Тренировки и долголетие
У каждого человека, тратящего время, силы и ресурсы на тренировки в тренажёрном зале своя мотивация, но есть и схожие моменты: здоровье, привлекательная внешность и долголетие. Именно последнее является самым значимым, ведь чем дольше живет человек, тем больше возможностей открывается.
Когда речь идет о занятиях спортом в связке с долголетием, подразумевают тренировки наиболее значимых систем организма для исключения факторов риска. Так, по числу смертельных случаев лидируют заболевания сердечно-сосудистой системы. Чем старше человек, тем больше проблем возникает с костями. Вымывание кальция увеличивает вероятность переломов даже при незначительных нагрузках. Существует целый ряд научных исследований, доказывающих эффективность физических тренировок для замедления процесса деградации скелета. Тренируются и для поддержания нормального веса, чтобы исключить заболевания, связанные с ожирением.
С возрастом мотивация меняется, но базис остается прежним – прожить долгую жизнь, сохраняя здоровье и бодрость духа как можно дольше, избавиться от боли. Чтобы этого достичь необходимо придерживаться базовых принципов тренировки, актуальных для людей любого возраста, любого уровня физической подготовки.
Включите в каждую тренировку базовые упражнения
При регулярных тренировках обязательно необходимо включать сложные движения, для одновременной нагрузки сразу на несколько групп мышц. В качестве примера можно привести становую тягу, приседания, жим лежа от груди и так далее. Преимущества таких упражнений заключается в нагрузке скелета и нескольких крупных групп мышц. Их выполнение даже без нагрузки крайне важно, поэтому такие сложные движения и называют базовыми упражнениями. По сути, человеку, занимающемуся ради здоровья и поддержания веса достаточно выполнять только базовые упражнения, разминку, заминку. Более узконаправленные упражнения нужны для достижения спортивных результатов или, если есть рекомендации врачей для разработки проблемных зон.
Сложные движения нужно выполнять в начале тренировки сразу после разминки. Эта рекомендация выработана не на пустом месте.

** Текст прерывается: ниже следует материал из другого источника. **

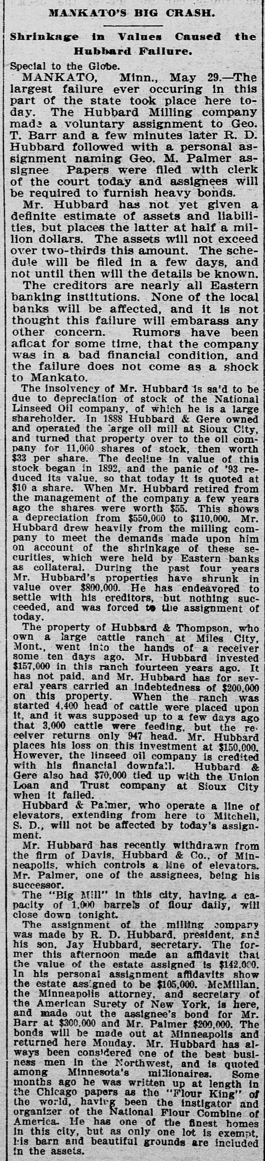 ΜΑΝΚΑΤΟ, Minn., May 29.-The largest failure ever occuring in this part of the state took place here today. The Hubbard Milling company made a voluntary assignment to Geo. T. Barr and a few minutes later R. D. Hubbard followed with a personal assignment naming Geo. M. Palmer as-signee Papers were filed with clerk of the court today and assignees will be required to furnish heavy bonds.
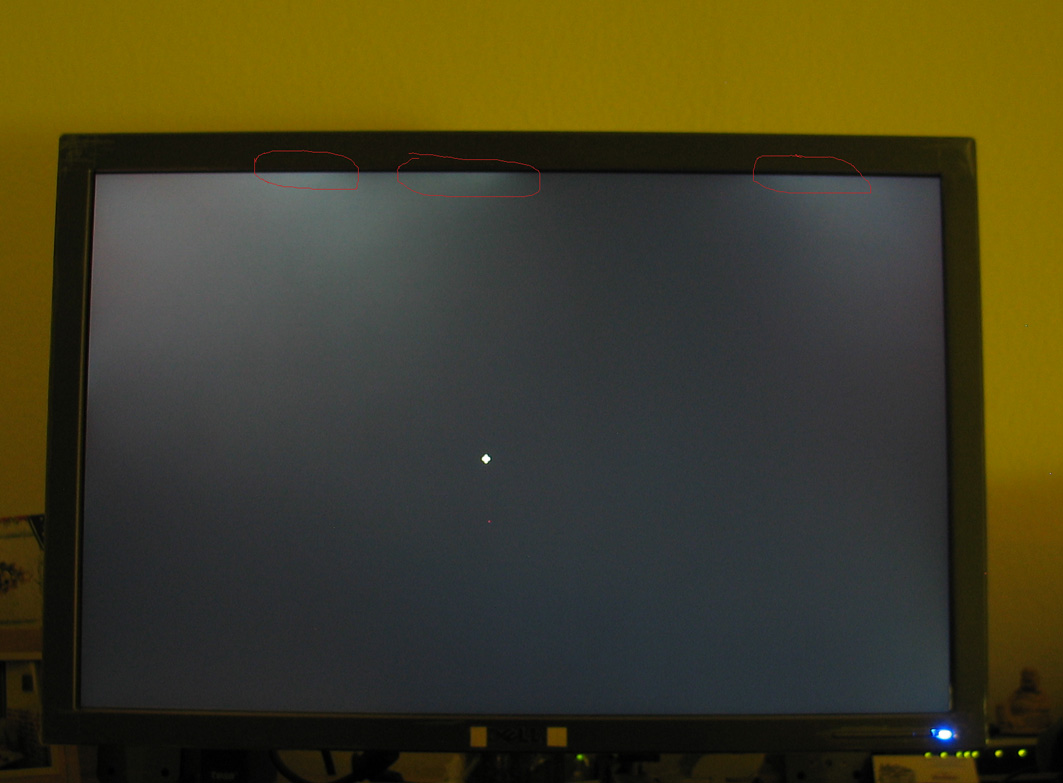 Das Gerät ist TOP, aber beim Auspacken hat mich eins irritiert: das analoge Kabel war bereits an den Bildschirm angeschlossen. Dazu eine Frage an mSh und alle anderen, die den DELL 3008WFP haben: war das bei dir/euch genauso? Und noch eine Frage: wenn ich mit dem DPT (Programm für Pixelfehlersuche) einen schwarzen Hintergrund mache, sieht man im geraden Winkel am oberen Rand 3 helle Stellen, das Bild ist dann nicht einheitlich schwarz (siehe Bild, markierte Stellen). Ist das bei dir / euch auch so?Ansonsten wie schon geschrieben ein supigeiles Teil nur das “aber“….
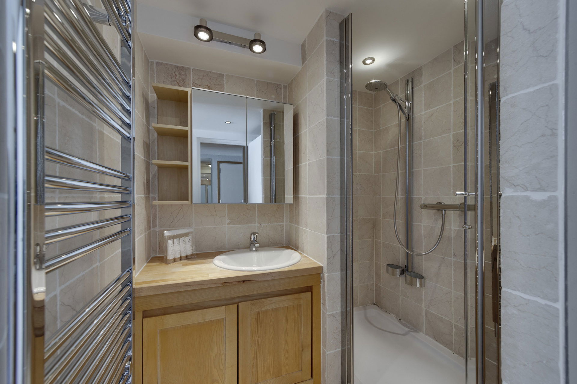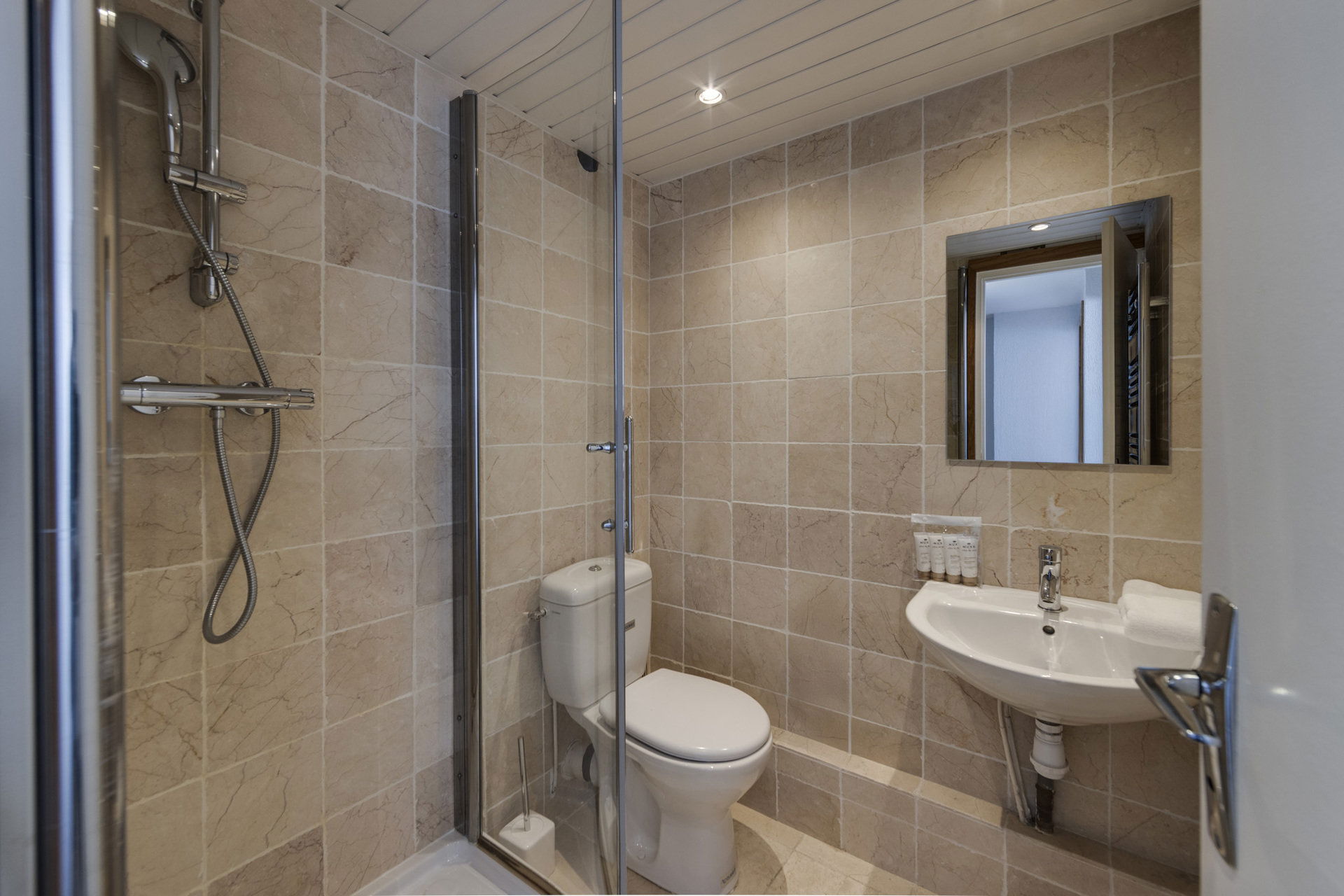 * Une salle de bain douche, lavabo-WC
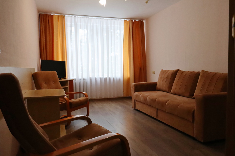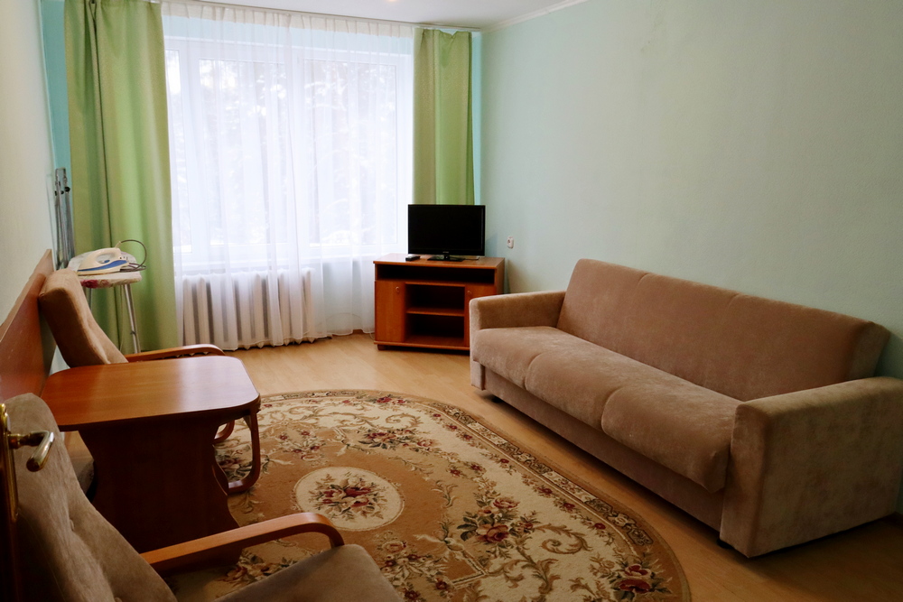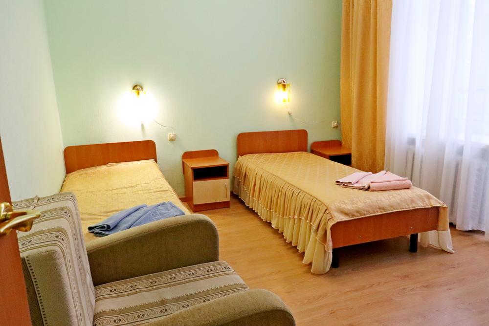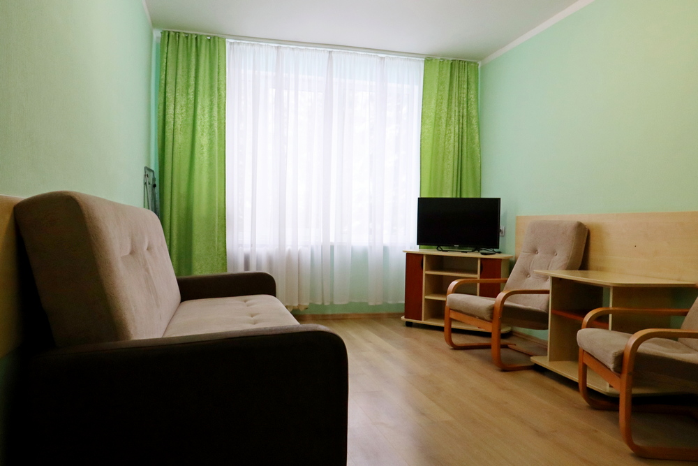 Номера Гостевой домик Апартамент На территории санатория вблизи озера располагается гостевой домик на три двухместных номера Гостевой домик Апартамент 1 этаж:гостинаяспальнядетская комнатасовмещенный санузел2 этаж:гостинная2 спальни2 совмещенныхсанузлакондиционертелевидениеWi-Fi Корпус №12-комнатный2-местныйFamily room (5 этаж) прихожаягостинаяспальнякухняраздельный санузелтелевидениеWi-Fi Корпус №12-комнатный2-местный Family room(4 этаж) прихожаягостинаяспальнякухняраздельный санузелтелевидениеWi-Fi Корпус №12-комнатный 2-местный Family room (1, 2, 3 этажи) прихожаягостинаяспальнякухняраздельный санузелтелевидениеWi-Fi Корпус №21-комнатный1-местный Single прихожаяжилая комната на 1 местосовмещенный санузелтелевидениеWi-Fi Корпус №21-комнатный2-местный 1 категории (1, 4 этаж) прихожаяжилая комната на 2 местасовмещенный санузелтелевидениеWi-Fi Корпус №21-комнатный2-местный 1 категории (3 этаж) прихожаяжилая комната на 2 местасовмещенный санузелтелевидениеWi-Fiмини-холодильник Корпус №21-комнатный2-местный Twin (2,3 этаж) прихожаяжилая комната на 2 местасовмещенный санузелтелевидениеWi-Fi Корпус №21-комнатный2-местный Тwin (5 этаж) прихожаяжилая комната на 2 местакресло-кровать (доп.место)совмещенный санузелтелевидениеWi-Fiмини-холодильникфен Корпус №21-комнатный2-местный Double (5 этаж) прихожаяжилая комната на 2 местасовмещенный санузелдвухспальная кроватьтелевидениеWi-Fiмини-холодильник Корпус №21-комнатный2-местный Family room (5 этаж) прихожаяжилая комната на 2 местаДвухспальная кроватьдиван (2 доп.места)совмещенный санузелтелевидениеWi-Fiмини-холодильник Корпус №32-комнатный2-местный Twin прихожаягостинаяспальнясовмещенный санузелтелевидениеWi-Fi Корпус №33-комнатный2-местный"Люкс" прихожая гостиная комната отдыха спальня кухня ванная комната туалет телевидение Wi-Fi Корпус №32-комнатный2-местный Family room прихожая гостиная спальня совмещенный санузел телевидение Wi-Fi Лечебный корпус1-комнатный2-местный 4 категории жилая комната на 1 место с частичными удобствами (на этаже)телевидениеWi-Fi
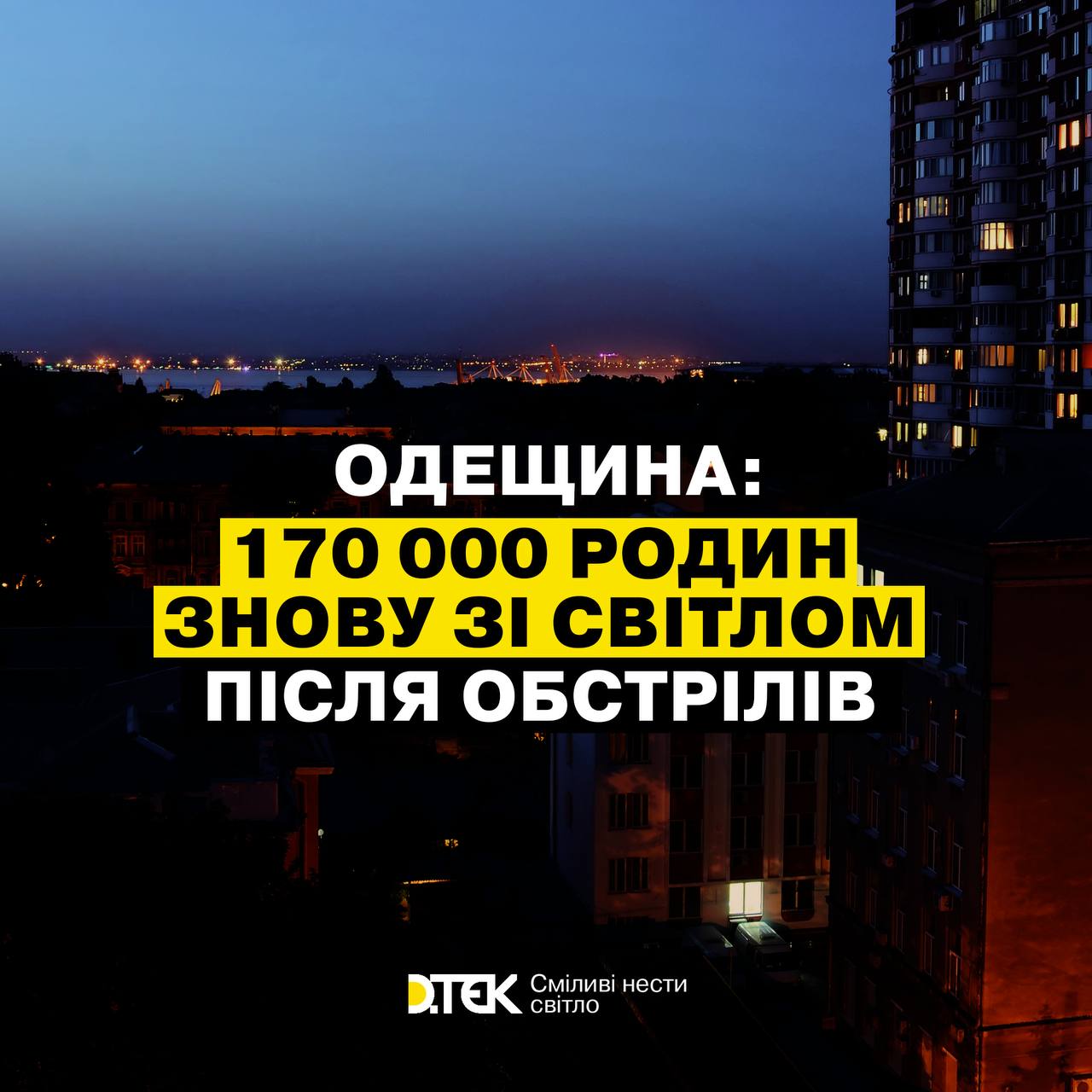 11:14 В Одесской области после ночного удара "Шахедов" без света оказались 170 тысяч домохозяйств.
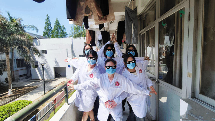 5#203:专业的着装和行为与日常的场景和姿势碰撞,展现医员工的想象力与解压方式,传递青春版的医学浪漫。
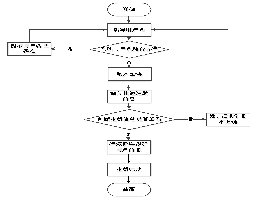 未有账号的用户可进行注册操作,在注册时系统会判断用户名是否已存在,已存在的话,提示返回重新填写用户名,用户名不存在,填写其他注册信息,系统判断注册信息是否正确,正确则在数据库中添加用户信息,注册成功。用户注册流程图如图3-3所示。

Упражнения требуют больше сил и энергии и концентрации, а с возрастом эти качества ослабевают. Чем больше факторов, рассеивающих внимание, тем больше усилий нужно для достижения правильного выполнения упражнения. Если ощущаете нехватку сил уже на старте тренировки, можно задуматься о приеме предтренировочных добавок в том числе со стимулирующим эффектом.
Для пожилых людей с травмами базовые упражнения стоит выполнять хотя бы раз в неделю, даже без утяжеления. Таким образом, можно эффективно бороться с возрастной дегенерацией костных и мышечных тканей.
Дополнительно стоит принимать аминокислоты, что позволяет значительно замедлить возрастную саркопению. Эта гипотеза успешно подтверждена исследованиями от 2006 года, опубликованными в The Journal of Nutrition.
Мелочей не бывает
Разминка и заминка – далеко не мелочь для спортсмена, особенно для спортсмена в возрасте. В начале тренировки легкие упражнения с эспандером или без утяжеления – отличная возможность активировать работу мышц и подготовить тело к более серьезным нагрузкам. Особое внимание нужно уделить упражнениям, направленным на подготовку суставов к интенсивным нагрузкам и вращениям. С возрастом хрящевая ткань теряет упругость и без подготовки нагрузки могут привести к травмам.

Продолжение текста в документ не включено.